• **Try it**
Restate, word for word and with no pictures, the stretch of lines in the data below that begins at the line with "В ходе общения" and ends at the line with "LA FONDATION BULLUKIAN", inclusive.

══════════

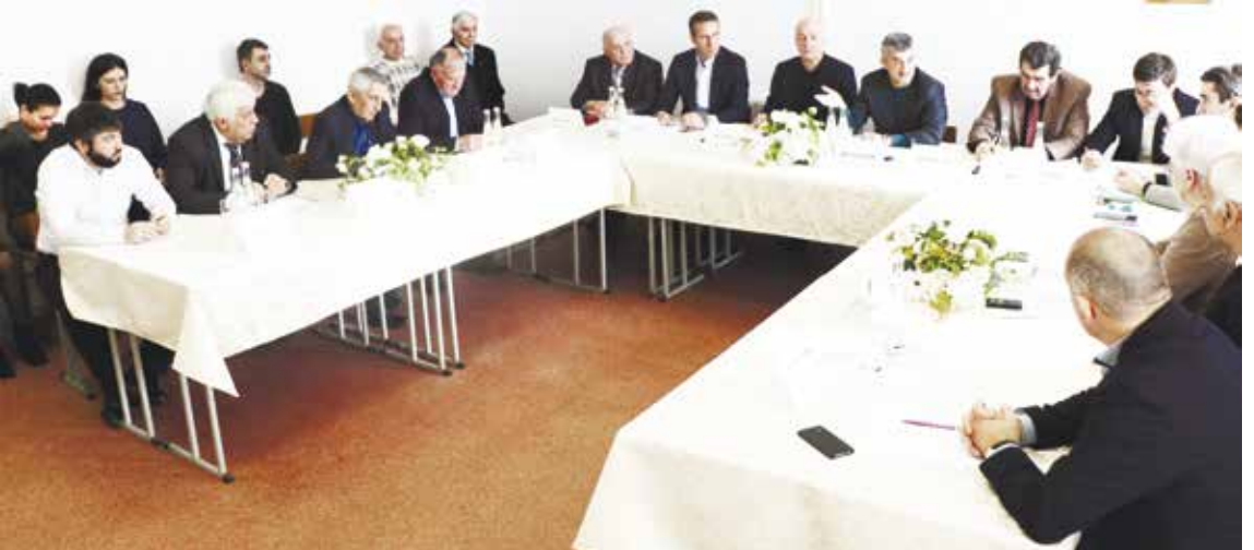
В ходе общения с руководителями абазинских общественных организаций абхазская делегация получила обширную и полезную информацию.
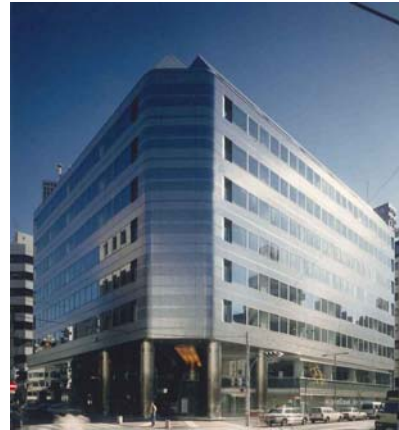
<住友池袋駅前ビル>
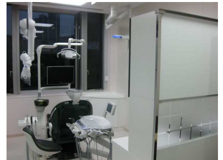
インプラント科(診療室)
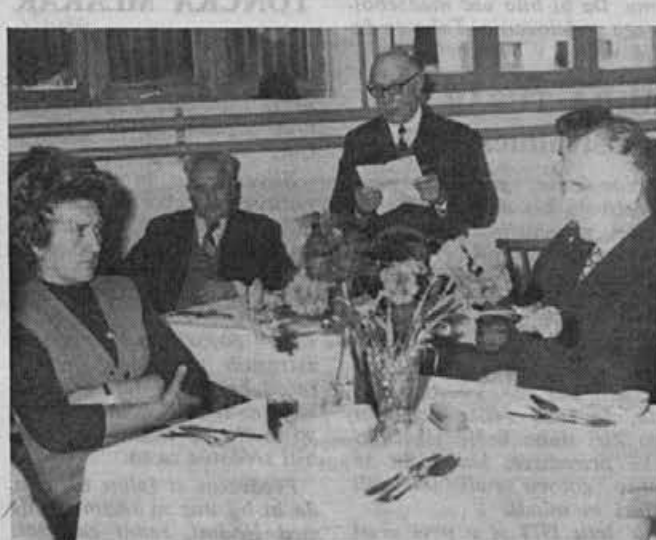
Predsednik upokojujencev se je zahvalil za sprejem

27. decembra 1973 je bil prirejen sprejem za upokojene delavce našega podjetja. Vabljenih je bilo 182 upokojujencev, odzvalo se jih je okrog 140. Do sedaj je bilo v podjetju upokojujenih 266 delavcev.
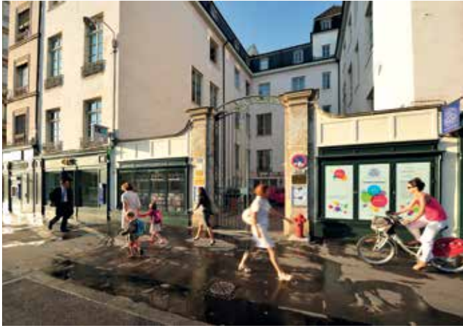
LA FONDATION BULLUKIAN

══════════

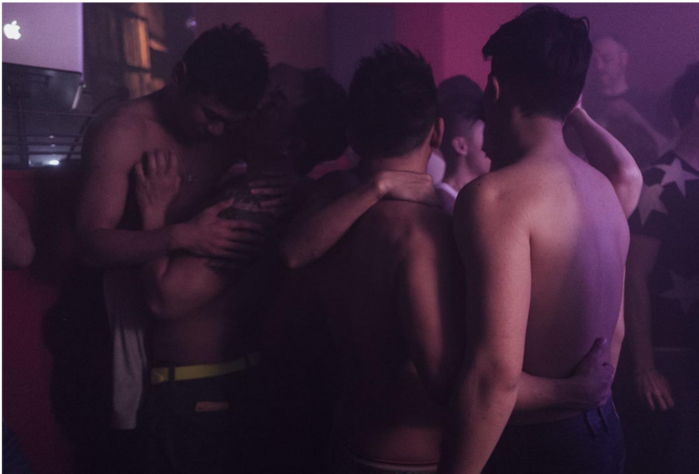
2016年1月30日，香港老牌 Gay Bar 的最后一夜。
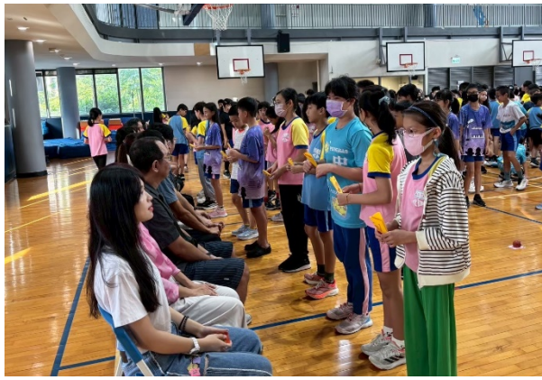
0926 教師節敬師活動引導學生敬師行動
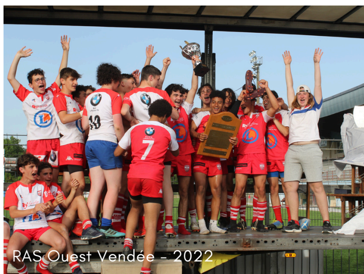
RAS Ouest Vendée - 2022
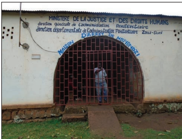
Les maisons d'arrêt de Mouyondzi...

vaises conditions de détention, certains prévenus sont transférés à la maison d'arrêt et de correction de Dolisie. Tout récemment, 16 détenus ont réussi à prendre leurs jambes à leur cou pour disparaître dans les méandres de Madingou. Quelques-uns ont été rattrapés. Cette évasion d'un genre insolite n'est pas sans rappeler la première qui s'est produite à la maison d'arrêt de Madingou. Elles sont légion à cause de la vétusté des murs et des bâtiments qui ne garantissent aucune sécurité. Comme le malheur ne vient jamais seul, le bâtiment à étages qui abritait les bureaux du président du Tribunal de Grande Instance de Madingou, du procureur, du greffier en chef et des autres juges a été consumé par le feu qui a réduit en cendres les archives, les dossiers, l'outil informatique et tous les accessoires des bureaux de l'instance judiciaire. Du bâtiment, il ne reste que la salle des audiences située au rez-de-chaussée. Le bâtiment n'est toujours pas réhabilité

══════════

• **Result below**
В ходе общения с руководителями абазинских общественных организаций абхазская делегация получила обширную и полезную информацию.
<住友池袋駅前ビル>
インプラント科(診療室)
Predsednik upokojujencev se je zahvalil za sprejem

27. decembra 1973 je bil prirejen sprejem za upokojene delavce našega podjetja. Vabljenih je bilo 182 upokojujencev, odzvalo se jih je okrog 140. Do sedaj je bilo v podjetju upokojujenih 266 delavcev.
LA FONDATION BULLUKIAN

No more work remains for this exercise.